## WORK TASK
Everything from the line with "El panorama cultural" to the line with "新刊の委託情報はこちら↓ メロン:melonbooks.co.jp/detail/detail.… とら" in the listing below, both lines included, needs to be copied exactly, apart from the pictures.

## RECORD EXTRACTS
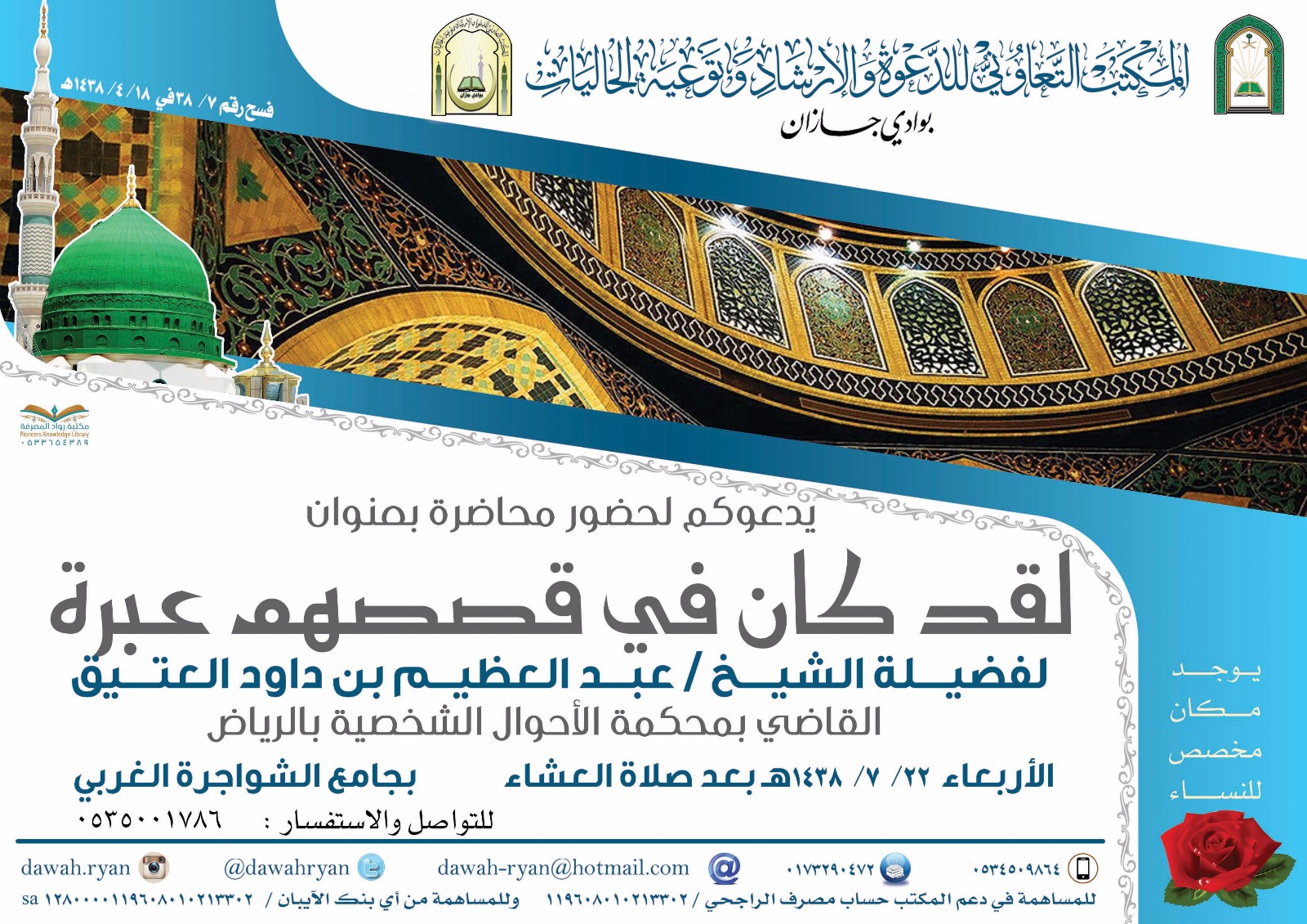يقيم المكتب التعاوني للدعوة والإرشاد وتوعية الجاليات بوادي جازان , محاضرة بعنوان ” لقد كان في قصصهم عبرة ” , لفضيلة الشيخ : عبدالعظيم بن داوود العتيق القاضي بمحكمة الأحوال الشخصية بالرياض , وذلك بعد صلاة العشاء ليوم الأربعاء 22-7-1438هـ , بجامع الشواجرة الغربي.
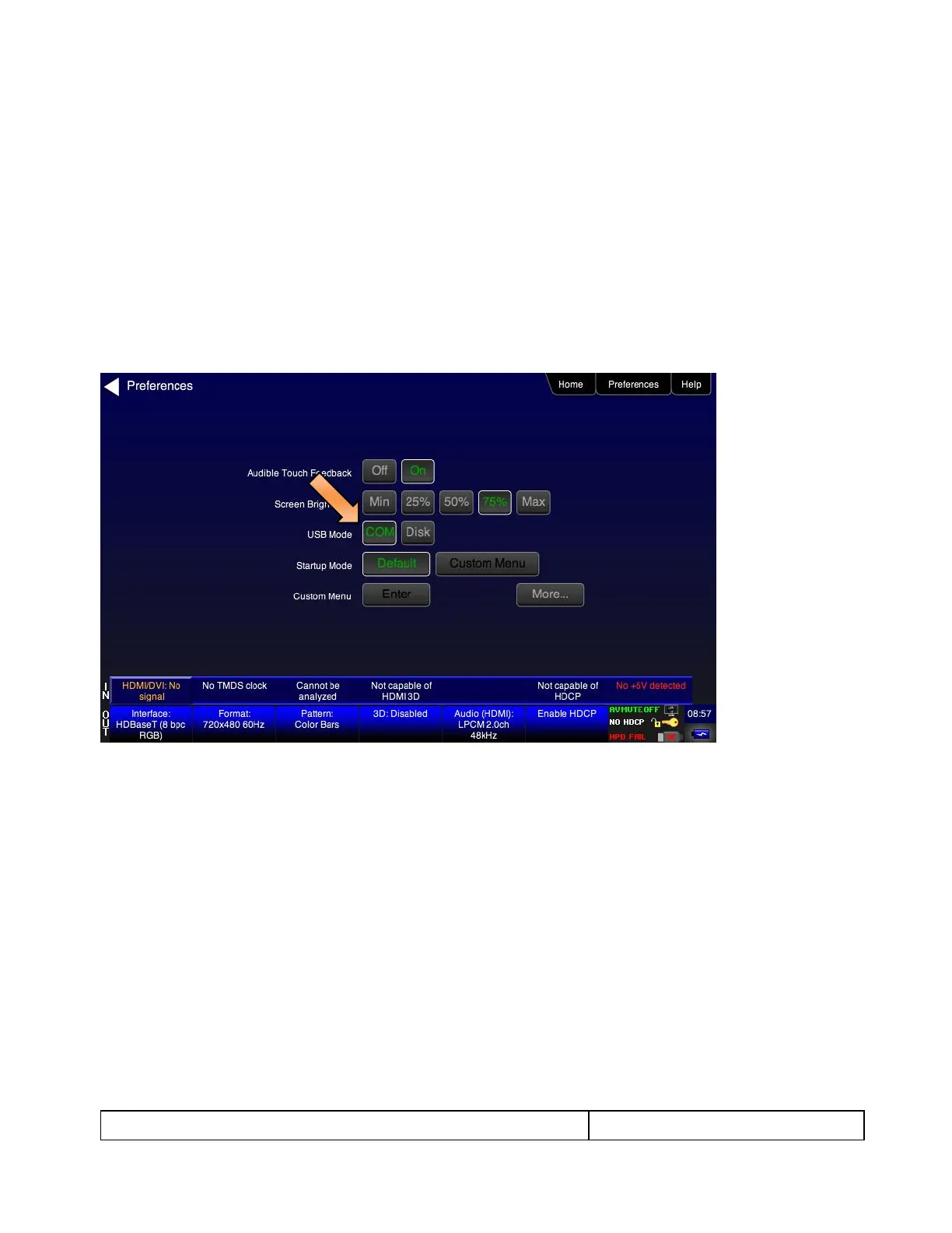 8. Touch select COM for the USB Mode (refer to the screen above).
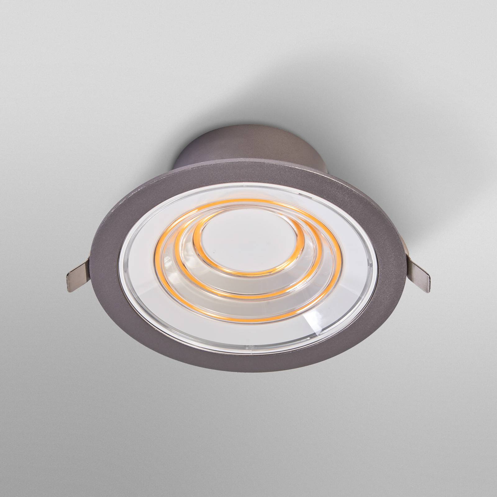 LED downlight Decor Filament Ripple De ronde LED downlight Decor Filament Ripple is uitgerust met drie ringvormige LED filamenten en biedt verschillende lichtsferen, omdat de LED filamenten in verschillende combinaties kunnen worden geschakeld via een wandschakelaar. De downlight is gemaakt van zilverkleurig aluminium en is duurzaam, energiezuinig en snel en eenvoudig te installeren. Hij is uitgerust met een elektronische ballast en wordt geleverd inclusief compleet montagemateriaal
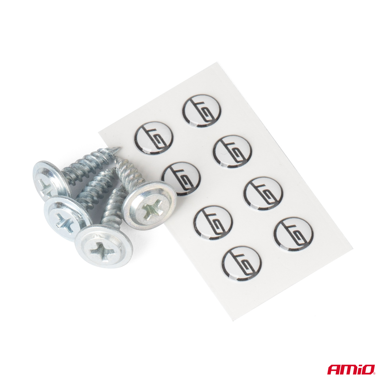 Το σετ περιλαμβάνει: 2 πινακίδες κυκλοφορίας, 4 βίδες στερέωσης, 8 αντιολισθητικά αυτοκόλλητα, οδηγίες τοποθέτησης.
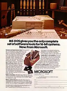 Microsoft omitted multi-user support from MS-DOS because Microsoft's Unix-based operating system, Xenix, was fully multi-user.[12] The company planned, over time, to improve MS-DOS so it would be almost indistinguishable from single-user Xenix, or XEDOS, which would also run on the Motorola 68000, Zilog Z8000, and the LSI-11; they would be upwardly compatible with Xenix, which Byte in 1983 described as "the multi-user MS-DOS of the future".[13][14] Microsoft advertised MS-DOS and Xenix together, listing the shared features of its "single-user OS" and "the multi-user, multi-tasking, UNIX-derived operating system", and promising easy porting between them.[15] After the breakup of the Bell System, however, AT&T Computer Systems started selling UNIX System V. Believing that it could not compete with AT&T in the Unix market, Microsoft abandoned Xenix, and in 1987 transferred ownership of Xenix to the Santa Cruz Operation (SCO).
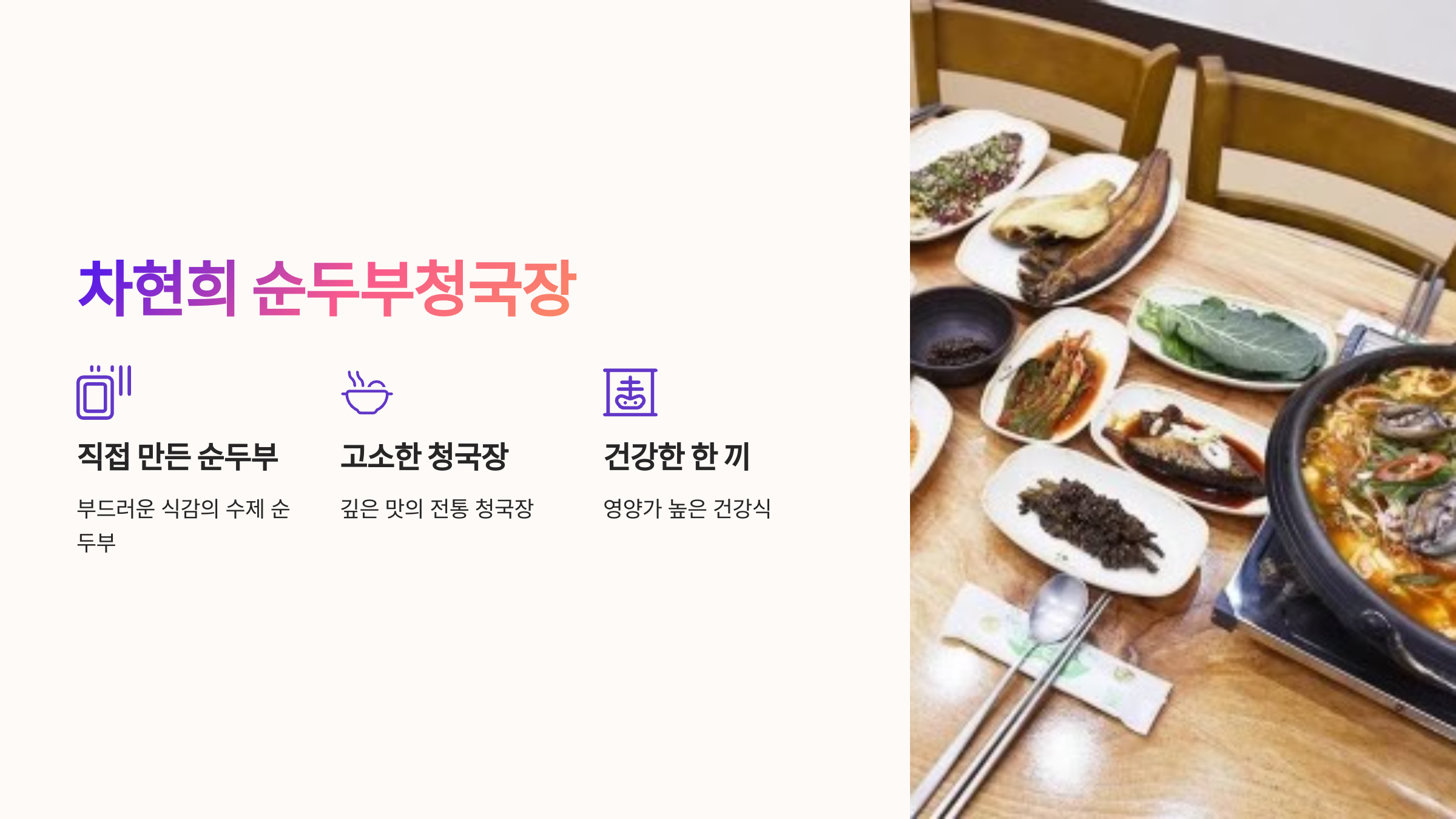 강릉 초당동의 '차현희 순두부청국장'은 직접 만든 순두부와 청국장으로 유명합니다. 고소하고 깊은 맛의 청국장과 부드러운 순두부는 건강한 한 끼 식사로 제격이에요.
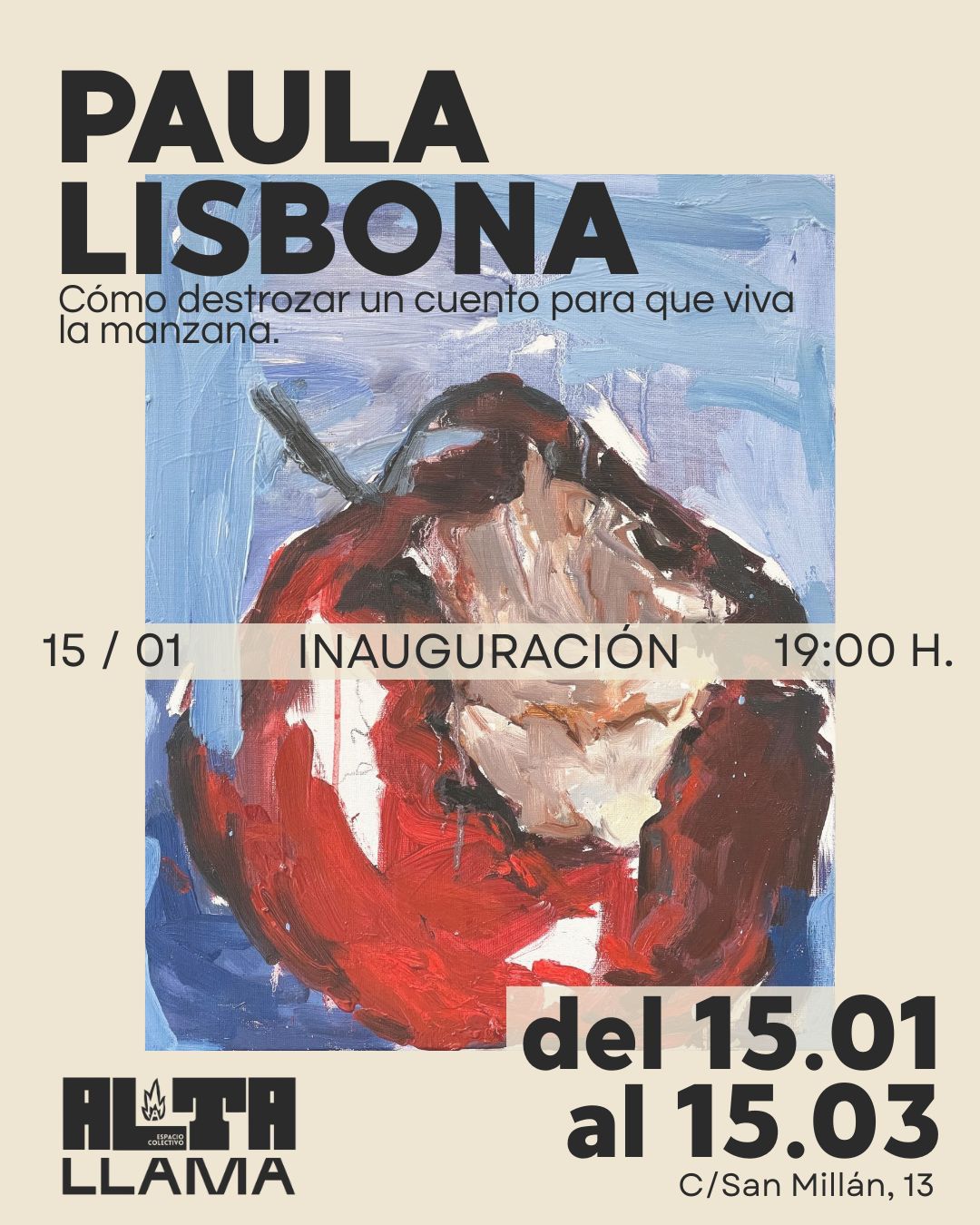 El panorama cultural independiente de Málaga se amplía con la apertura de ALTALLAMA, un nuevo espacio artístico situado en el barrio de Capuchinos y gestionado por un colectivo de mujeres creadoras que apuesta por una mirada ética, inclusiva y sostenible. El espacio inicia su programación expositiva con la muestra Cómo destrozar un cuento para que la manzana viva, de la artista Paula Lisbona, una propuesta que cuestiona los relatos tradicionales desde una perspectiva contemporánea y feminista.
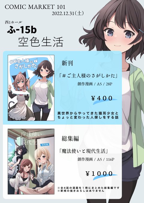 C101のお品書きです。2日目(土)西1-ふ15bにて創作漫画を頒布いたします。新刊は新規の漫画となり、他に過去作品4話を1冊にまとめた総集編を頒布予定です。 新刊の委託情報はこちら↓ メロン:melonbooks.co.jp/detail/detail.… とら :ecs.toranoana.jp/tora/ec/item/0…
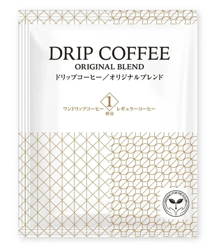 また、製品パッケージには、宿泊施設などから需要の高い紙素材を採用し、暗い室内でも目に入りやすく紙の質感が伝わりやすい白色を基調に、コーヒーの花・葉・コーヒー豆・ドリップをモチーフとした幾何学模様をデザインしています。裏面には、淹れ方と注意書きを4か国語(日本語・英語・中国語・韓国語)で表記しており、インバウンド利用率の高いホテルの客室や観光施設での提供に最適です。
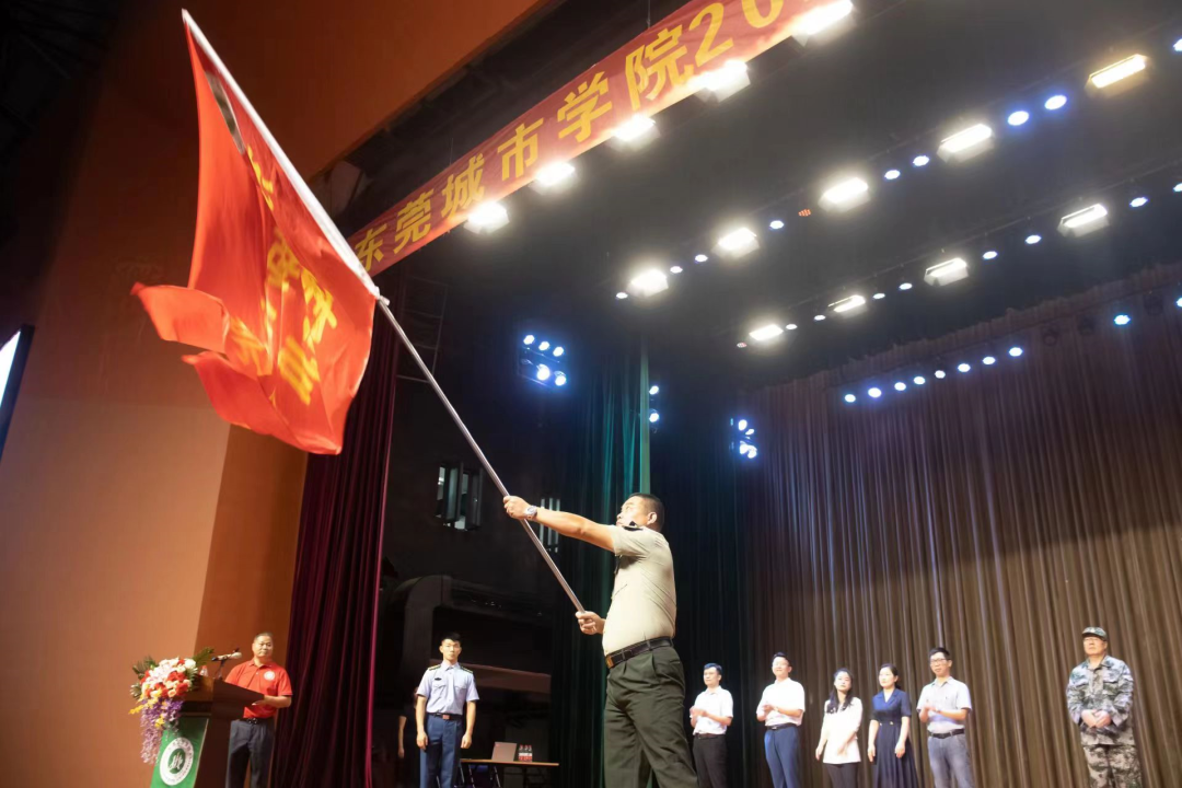 仪式上,beat365官网校长陈明向刘维仝团长授“beat365平台官方网站军训团团旗”

## ANSWER
 El panorama cultural independiente de Málaga se amplía con la apertura de ALTALLAMA, un nuevo espacio artístico situado en el barrio de Capuchinos y gestionado por un colectivo de mujeres creadoras que apuesta por una mirada ética, inclusiva y sostenible. El espacio inicia su programación expositiva con la muestra Cómo destrozar un cuento para que la manzana viva, de la artista Paula Lisbona, una propuesta que cuestiona los relatos tradicionales desde una perspectiva contemporánea y feminista.
 C101のお品書きです。2日目(土)西1-ふ15bにて創作漫画を頒布いたします。新刊は新規の漫画となり、他に過去作品4話を1冊にまとめた総集編を頒布予定です。 新刊の委託情報はこちら↓ メロン:melonbooks.co.jp/detail/detail.… とら :ecs.toranoana.jp/tora/ec/item/0…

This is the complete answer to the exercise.